These are the official Python bindings to https://github.com/openvenues/libpostal, a fast statistical parser/normalizer for street addresses anywhere in the world.
from postal.expand import expand_address
expand_address('Quatre vingt douze Ave des Champs-Élysées')
from postal.parser import parse_address
parse_address('The Book Club 100-106 Leonard St, Shoreditch, London, Greater London, EC2A 4RH, United Kingdom')
Before using the Python bindings, you must install the libpostal C library. Make sure you have the following prerequisites:
On Ubuntu/Debian
sudo apt-get install curl autoconf automake libtool python-dev pkg-config
On CentOS/RHEL
sudo yum install curl autoconf automake libtool python-devel pkgconfig
On Mac OSX
brew install curl autoconf automake libtool pkg-config
Installing libpostal
If you're using an M1 Mac, add --disable-sse2 to the ./configure command. This will result in poorer performance but the build will succeed.
git clone https://github.com/openvenues/libpostal
cd libpostal
./bootstrap.sh
./configure --datadir=[...some dir with a few GB of space...]
make
sudo make install
# On Linux it's probably a good idea to run
sudo ldconfig
To install the Python library, just run:
pip install postal
Installing libpostal on Windows
Install msys2 and launch a shell using the MSYS2 MingW 64-bit
start menu option, not the usual MSYS2 MSYS
option.
This is important because we don't want our libpostal.dll
to link to msys-2.0.dll
(Python seems to hang if you load this DLL).
Then:
pacman -S autoconf automake curl git make libtool gcc mingw-w64-x86_64-gcc
git clone https://github.com/openvenues/libpostal
cd libpostal
cp -rf windows/* ./
./bootstrap.sh
./configure --datadir=[...some dir with a few GB of space...]
make
make install
mkdir headers && cp -r /usr/include/libpostal/ headers/
Now start a command prompt which has access to the Microsoft toolchain. This can be done by e.g. installing the Windows 10 SDK and then running the x64 Native Tools Command Prompt
.
Assuming your MSYS and Python are installed in some standard locations, you can use this command prompt to build+install the Python library like so:
lib.exe /def:libpostal.def /out:postal.lib /machine:x64
pip install postal --global-option=build_ext --global-option="-I[...libpostal checkout...]\headers" --global-option="-L[...libpostal checkout...]"
copy src\.libs\libpostal-1.dll "C:\Python36\Lib\site-packages\postal\libpostal.dll"
pypostal supports Python 2.7+ and Python 3.4+. These bindings are written using the Python C API and thus support CPython only.
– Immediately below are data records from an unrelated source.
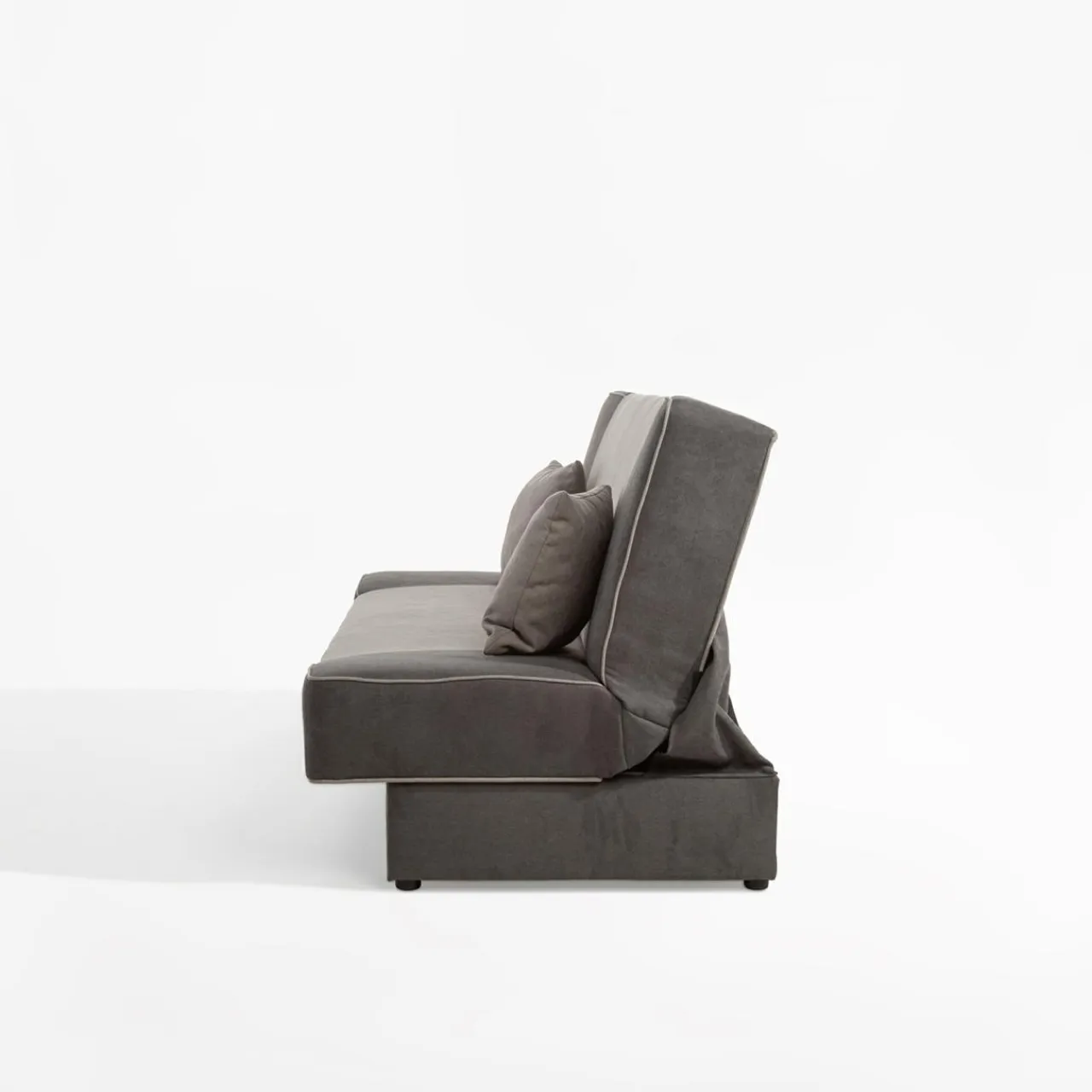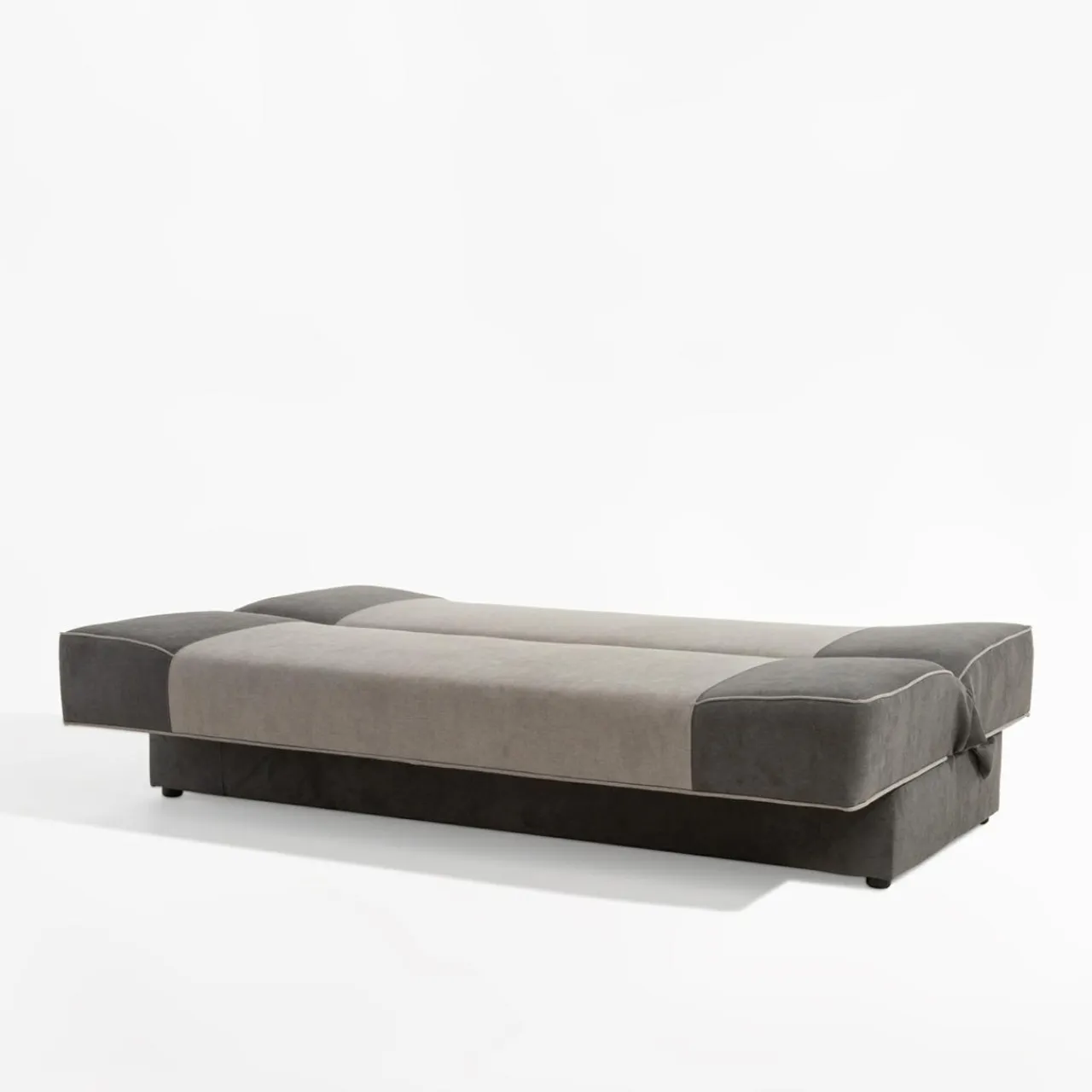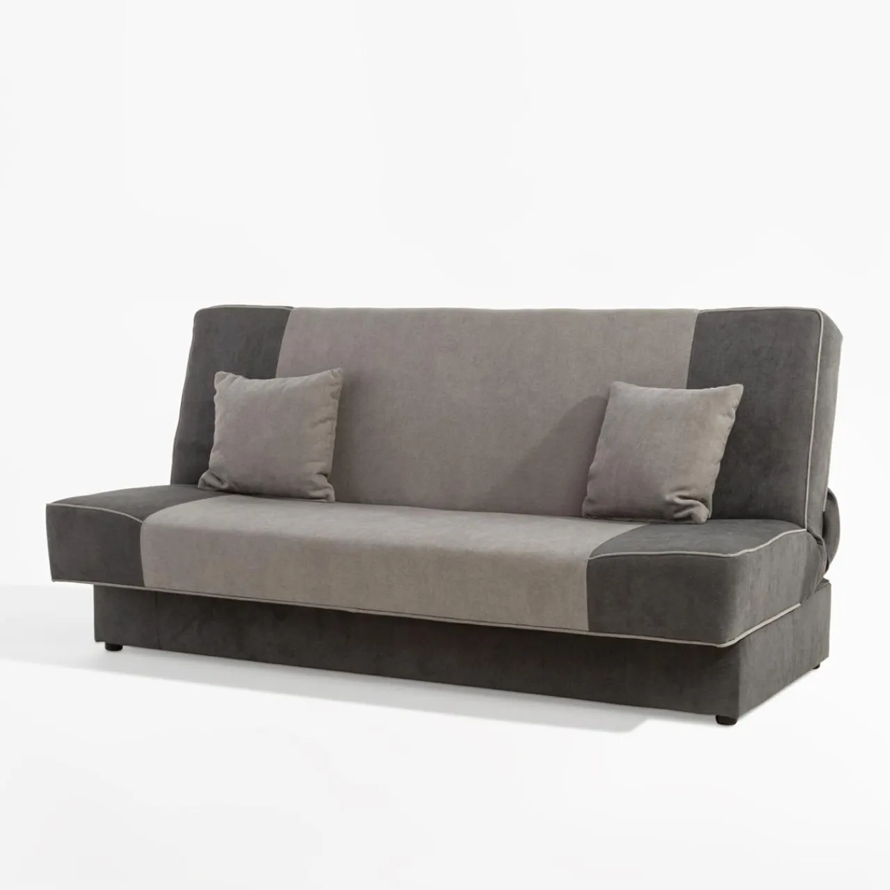 - Prosta bryła i uniwersalność – połączenie szarych kolorów sprawia, że wersalkę z łatwością wkomponujesz w nowoczesne wnętrze.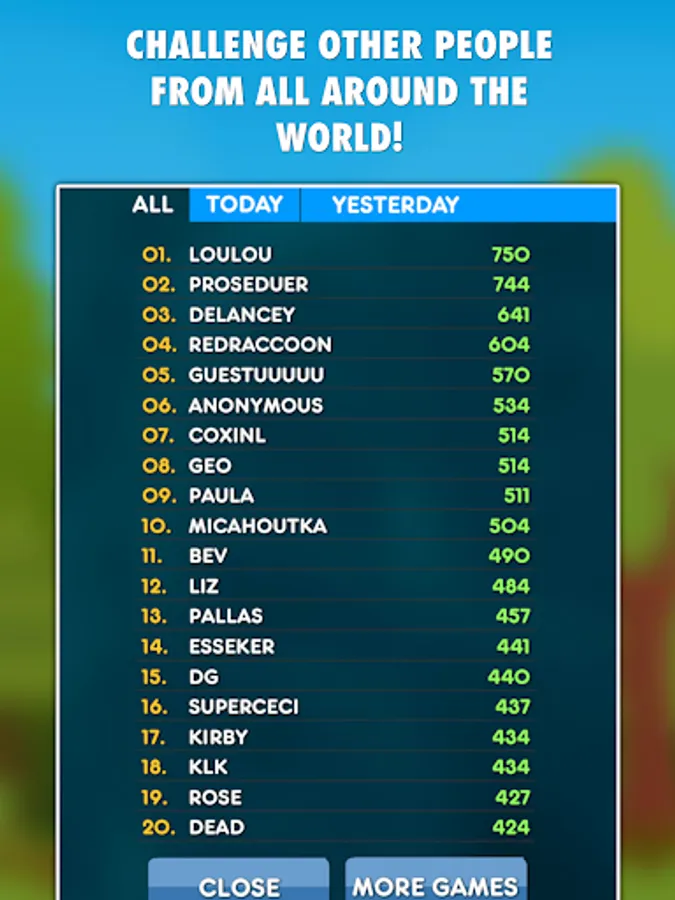 Choose from a few different game modes and try to break your personal bests or submit your points and challenge other people from all around the world!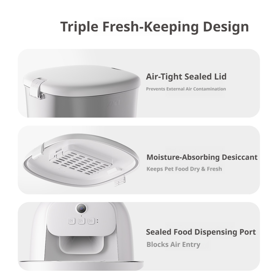 Alimentation programmée, Contrôle via application, Enregistrement vocal, Anti-obstruction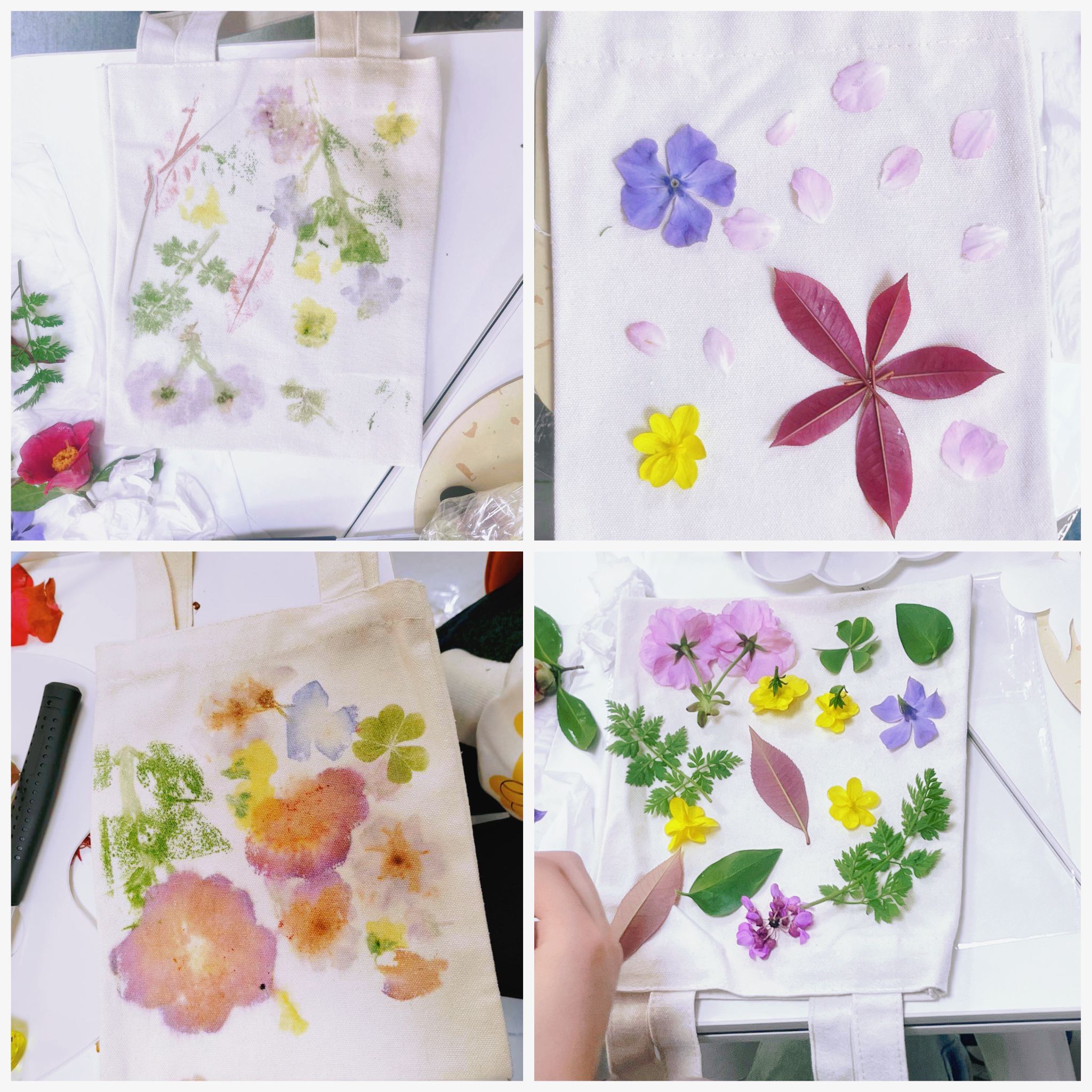 拓花草,染春天。“草色锤染身上衣,映红犹闻彩花香。”历经千年历史变迁,植物拓染已成为非遗名录中的一项特殊技艺。活动伊始,在工作人员的指导下,同学们将明矾浸泡好的花草摆放在空白帆布包上,粘贴牢固后用拓染锤反复敲打,使植物汁液渗入布料之中,从而得到一朵朵、一簇簇“彩印”的花草。同学们在体验实践的过程中充分发挥自身的主观能动性,感受美、创造美,拓染下自己对于春天的美好期待。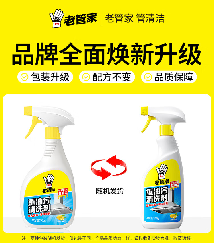 老管家重油污清洗剂500ml家用厨房油烟机清洁剂油污净强力去油污除油剂 500ml*2瓶量贩装【日常去油】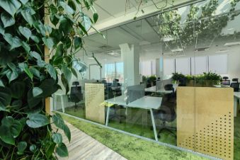 • Зону smart-офисов разной площади. Зонирование пространства выполнено стеклянными пе...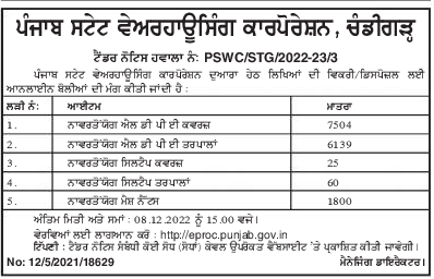 Tender for Unusable LDAP values, Unusable LDPE tarpaulins, Unusable Milltape Covers, Disposable Milltape Tarpaulins, Disposable mesh nets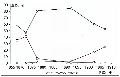 图6为1868—1907年外国在华航运所占市场份额示意图,其中的甲、乙、丙三个国家分别是( )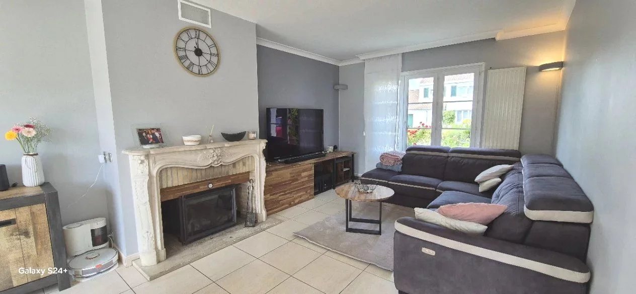 Elle est composée d'un hall d'entrée avec espace vestiaire et wc, d'un séjour en L de plus de 36 m2 agrémenté d'une insert au bois branché sur le système de chauffage central, particulièrement lumineux grâce à deux baies vitrées donnant sur le jardin, d'une cuisine équipée soignée et actuelle et d'un espace buanderie de 12.3m2.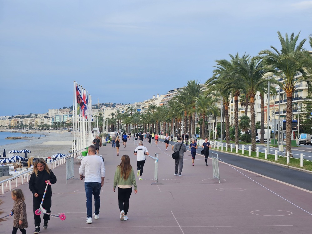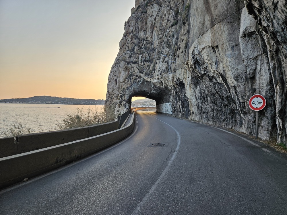 I did ~1° in day, that’s time shift 4 min/day, daylength in Nice (~centerpoint of the trip) changed from 11:10:42 on Oct 12 to 10:28:03 on Oct 27, i.e. 2m50s per day, so I outpaced the sun (at least the sunsets)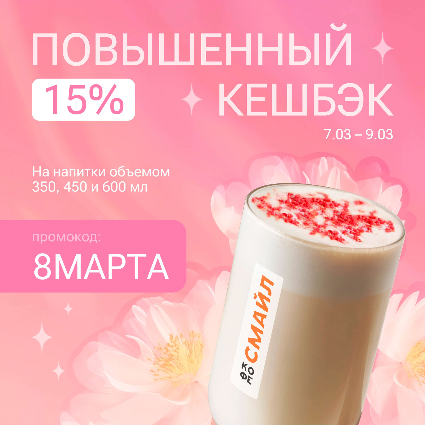 В честь праздника повышенный кешбек 15% с 7 по 9 марта НА ВСЕ НАПИТКИ.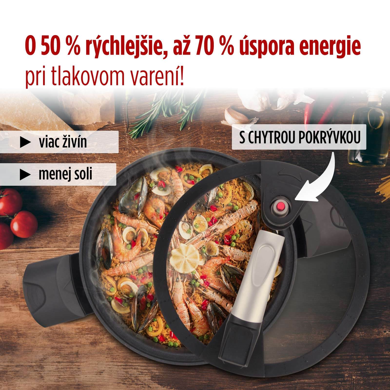 - Tlakové varenie skracuje dobu varenia o polovicu. Zároveň ušetrite až o 70% viac energie ako s bežnými hrncami.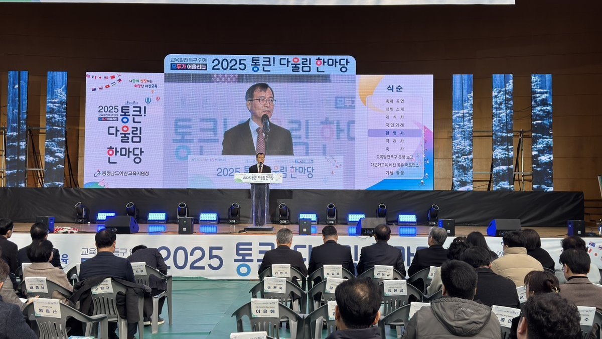 [충청25시] 아산교육지원청 은 12월 18일 선문대학교 아산캠퍼스 체육관에서 학생, 교원, 학부모, 지역 주민 등 교육공동체가 참여한 가운데, ‘2025 교육발전특구 연계 모두가 어울리는 통큰 다울림 한마당 ’을 성황리에 개최했다.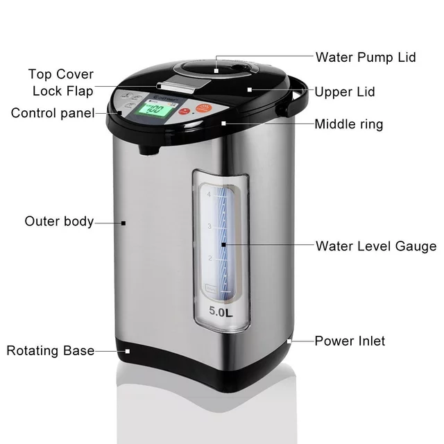Feature Modern and classic appearance Excellent heat preservation and durability Food grade stainless steel, harmless to human being LCD display shows the current water temperature and five stages of temperature Night light indication design, convenient to get water at night 3 different water dispensing methods, one can be operated without power Re-boil function, bring the water back to 212 degree F/ 100 degree C quickly Timer function, make an appointment to set the time for boiling water A glance at the water level will let you know when to refill the water

Since libpostal is a standalone C library, support for PyPy is still possible with a CFFI wrapper, but is not a goal for this repo.
Make sure you have nose installed, then run:
python setup.py build_ext --inplace
nosetests postal/tests
The build_ext --inplace
business is needed so the C extensions build in the source checkout directory and are accessible/importable by the Python modules.